** Opening SUPPLIED DATA block **
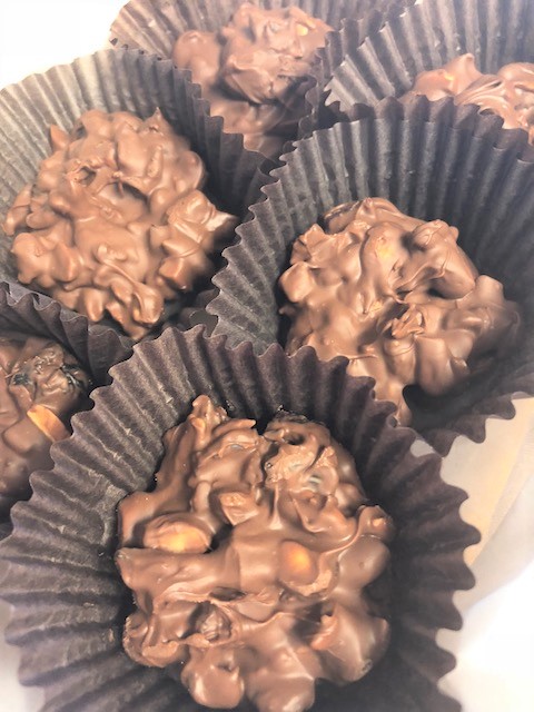 Pour the chocolate into a large bowl with your add ins. Stir it all up. Place some baking cups (cupcake liners) or wax paper onto a baking sheet. Plop about 2 Tblsp of the candy mixture into the baking cups or onto a piece of wax paper. Chill for few minutes to set up. Once set, place your beautiful little clusters into candy boxes, tins or eat em up all by yourself. You deserve it.
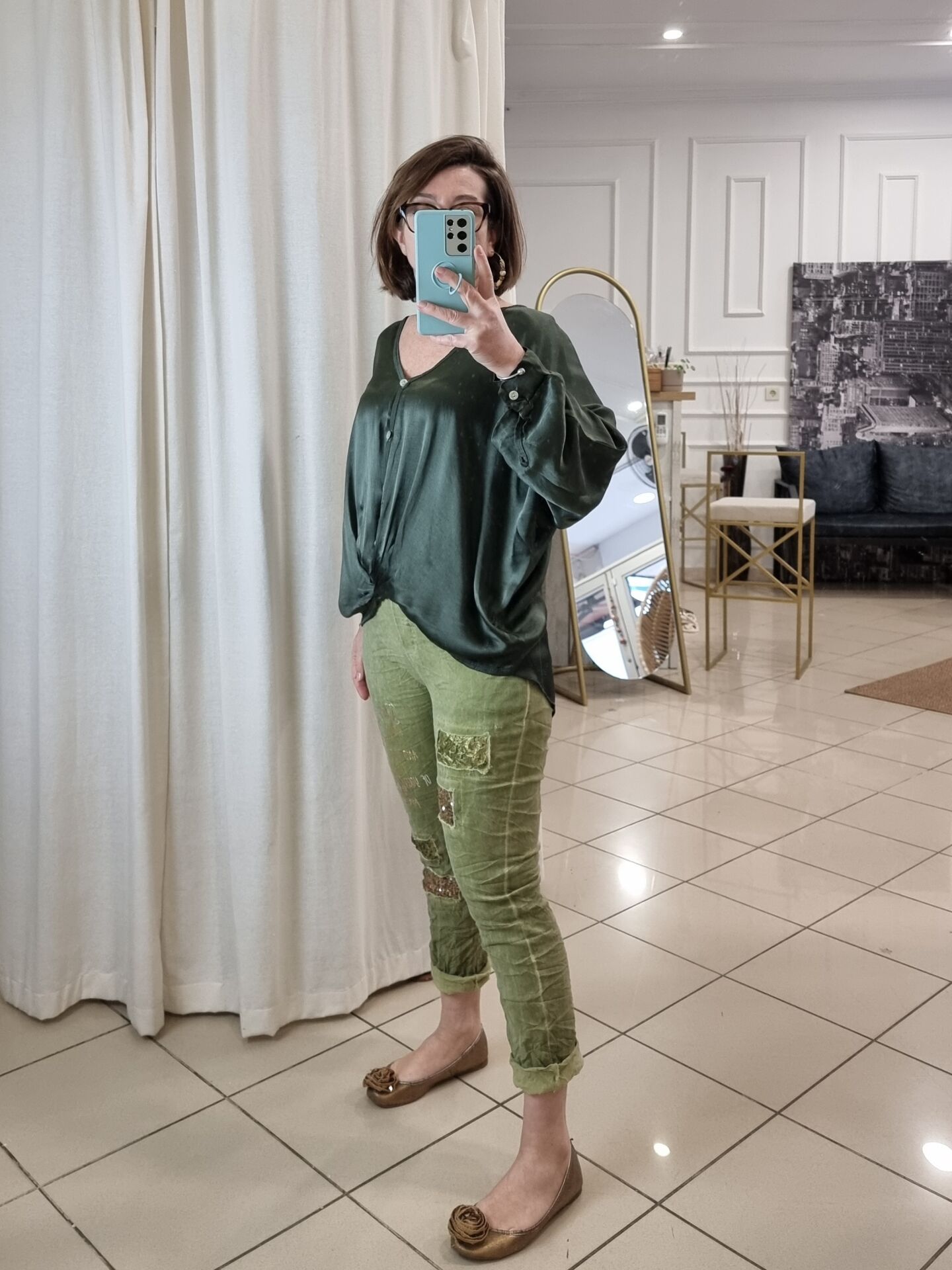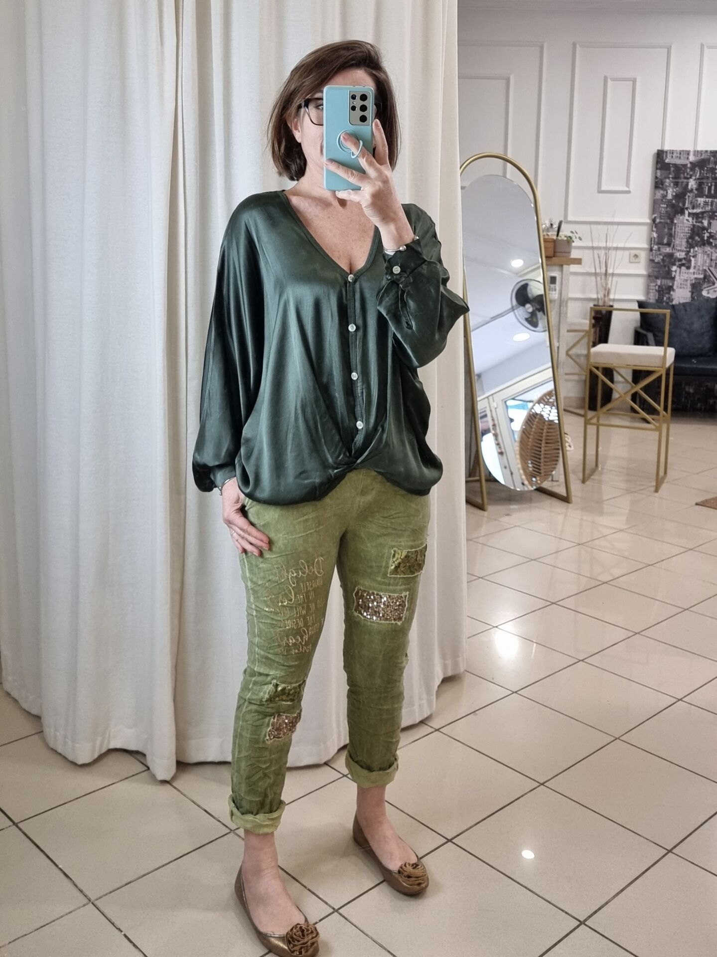 Kadınlar için özel olarak tasarlanan Saten Gömlek, yumuşak dokusu ve akıcı kesimiyle şıklığı konforla buluşturuyor. Haki rengi, zamansız bir tarz sunarak hem günlük hem de klasik kombinlerde mükemmel uyum sağlar. Hafif ve nefes alabilen yapıya sahip Gömlek, rahat kalıbı ile gün boyu konfor sunar ve stilinize sofistike bir dokunuş katar.
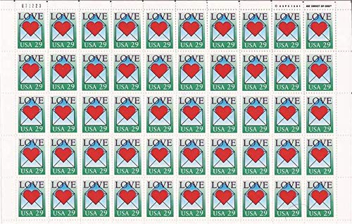 Country: United States, Year of Issue: 1992, Type: 50 Stamp Sheet, Topic: Love, Heart, Envelope, Catalog #: Scott 2618
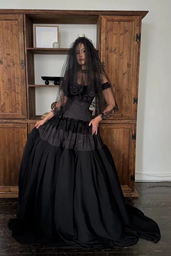 Dark, dramatic, and drop-dead gorgeous. This gown is giving gothic princess meets runway couture. For anyone who wants to mix elegance with a little mystery, this one is a show-stopper.
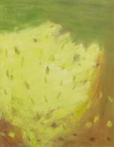 最近2年程、鉱物をモチーフ(動機)にして絵を描いています。例えば図鑑で虹色が美しいオパールの写真を見つけてそれを出発点にした場合、層をなす複雑な色の混ざり具合や色斑の意外な配置、半透明の質感に惹かれますが、そのまま再現するのではなく、それらをヒントにして自分の色彩に置き換え、自分本来のリズムに従って描きます。こうして一つのオパールから大小数点の絵が生まれます。
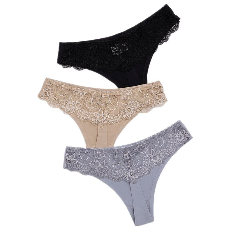 3Pcs/Lot Sexy Women G-string Thongs Lace Floral Sheer Low Waist Underwear Soft Lingerie Ice Silk Briefs Seamless Panties Soft
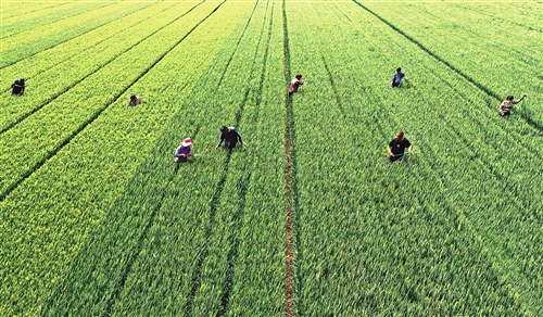 5月11日,河南省尉氏县邢庄乡芦馆村农民在高标准小麦示范田劳作。当前,豫东地区小麦进入抽穗扬花期,尉氏县组织近百名农业技术人员深入田间地头,现场指导小麦管理和病虫害防治,目前该县104万亩小麦长势喜人。 李新义摄(中经视觉)
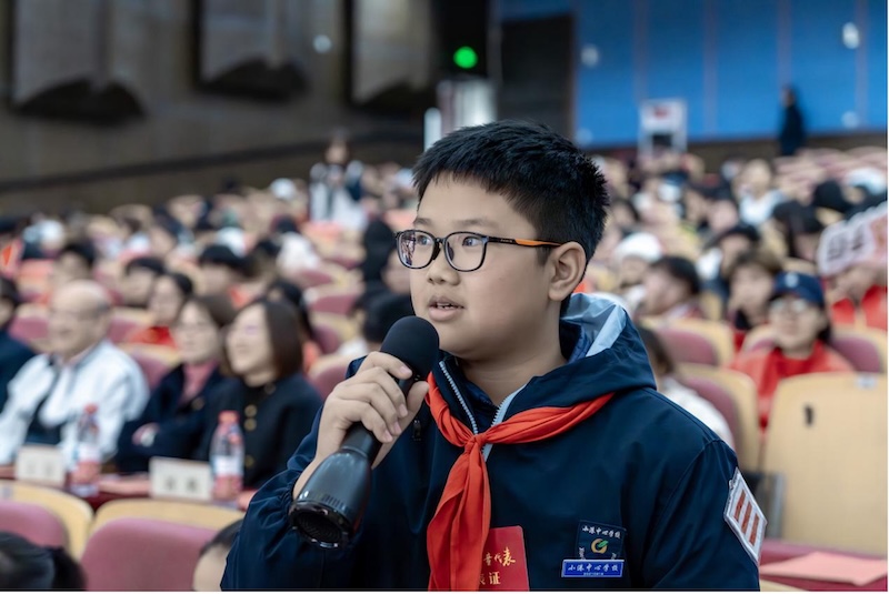 金慧湘老师主持的“宪”学“宪”用抢答闯关点燃了全场热情,“公民的基本权利包括哪些?这个题我会!”小港中心学校的学生们高高举起小手,大学生们则在抢答“宪法修正案”等题目时展现出扎实的知识积累,现场气氛异常热烈。最后,大学生与小学生们同唱《宪法伴我们成长》,清朗的歌声缠绕回荡,将课堂氛围推向高潮。“歌声里有我们对宪法的热爱,更有做守法小公民的决心!”北仑区小港中心学校五年级学生陈艺说道。
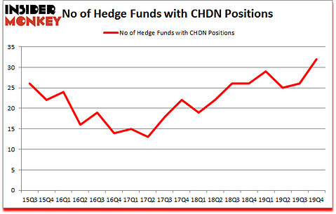 At Q4’s end, a total of 32 of the hedge funds tracked by Insider Monkey were bullish on this stock, a change of 23% from one quarter earlier. On the other hand, there were a total of 26 hedge funds with a bullish position in CHDN a year ago. With the smart money’s capital changing hands, there exists an “upper tier” of noteworthy hedge fund managers who were boosting their holdings considerably (or already accumulated large positions).
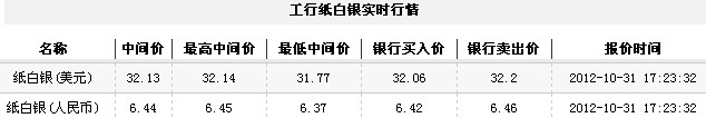纸白银价格今日收盘反弹走高(2012年10月31日)
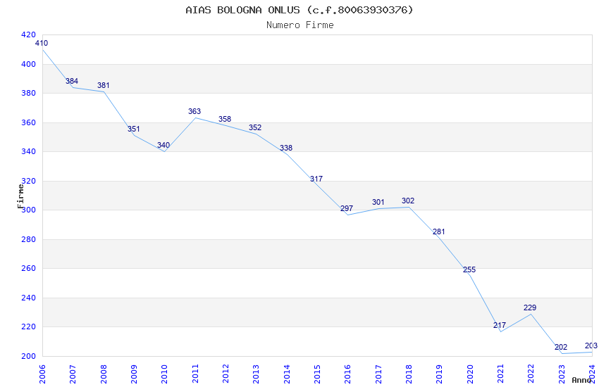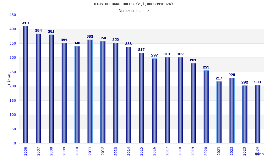 | Anno | Firme | Importi | Media | Naz. | Reg. | Prov. | Comu. |
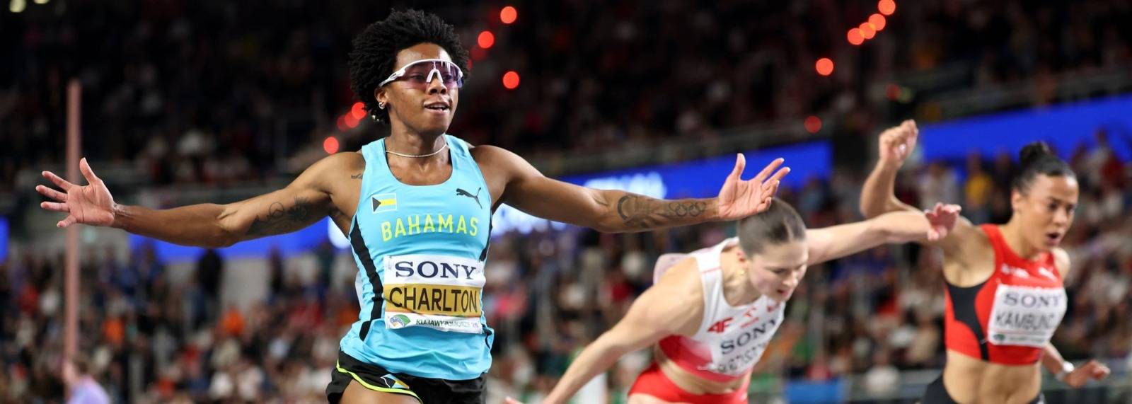 ඡායාරූපයේ සිටින්නේ මීටර් 60 කඩුලු නව ලෝක වාර්තාලාභිණිය ඩිවයින් චාර්ල්ටන්ය.
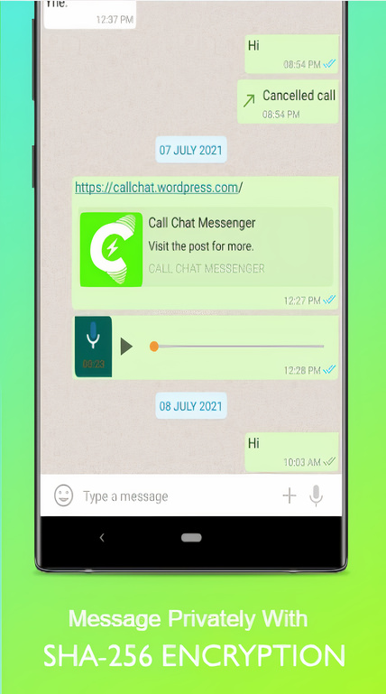 We ensure your messages and audio/video calls to be kept confidential by providing SHA-256 ENCRYPTION. In case you got a message sent to wrong person CALLCHAT helps you to RECALL your message at any hour and also to EDIT MESSAGE if needed.
** Closing SUPPLIED DATA block **
_WHAT THE EXERCISE ASKS_
Keep to the stretch from the line containing "Kadınlar için özel" through the line containing "3Pcs/Lot Sexy Women", both ends included, and copy it exactly from the listing above, minus the pictures.

_EXERCISE SOLUTION_
 Kadınlar için özel olarak tasarlanan Saten Gömlek, yumuşak dokusu ve akıcı kesimiyle şıklığı konforla buluşturuyor. Haki rengi, zamansız bir tarz sunarak hem günlük hem de klasik kombinlerde mükemmel uyum sağlar. Hafif ve nefes alabilen yapıya sahip Gömlek, rahat kalıbı ile gün boyu konfor sunar ve stilinize sofistike bir dokunuş katar.
 Country: United States, Year of Issue: 1992, Type: 50 Stamp Sheet, Topic: Love, Heart, Envelope, Catalog #: Scott 2618
 Dark, dramatic, and drop-dead gorgeous. This gown is giving gothic princess meets runway couture. For anyone who wants to mix elegance with a little mystery, this one is a show-stopper.
 最近2年程、鉱物をモチーフ(動機)にして絵を描いています。例えば図鑑で虹色が美しいオパールの写真を見つけてそれを出発点にした場合、層をなす複雑な色の混ざり具合や色斑の意外な配置、半透明の質感に惹かれますが、そのまま再現するのではなく、それらをヒントにして自分の色彩に置き換え、自分本来のリズムに従って描きます。こうして一つのオパールから大小数点の絵が生まれます。
 3Pcs/Lot Sexy Women G-string Thongs Lace Floral Sheer Low Waist Underwear Soft Lingerie Ice Silk Briefs Seamless Panties Soft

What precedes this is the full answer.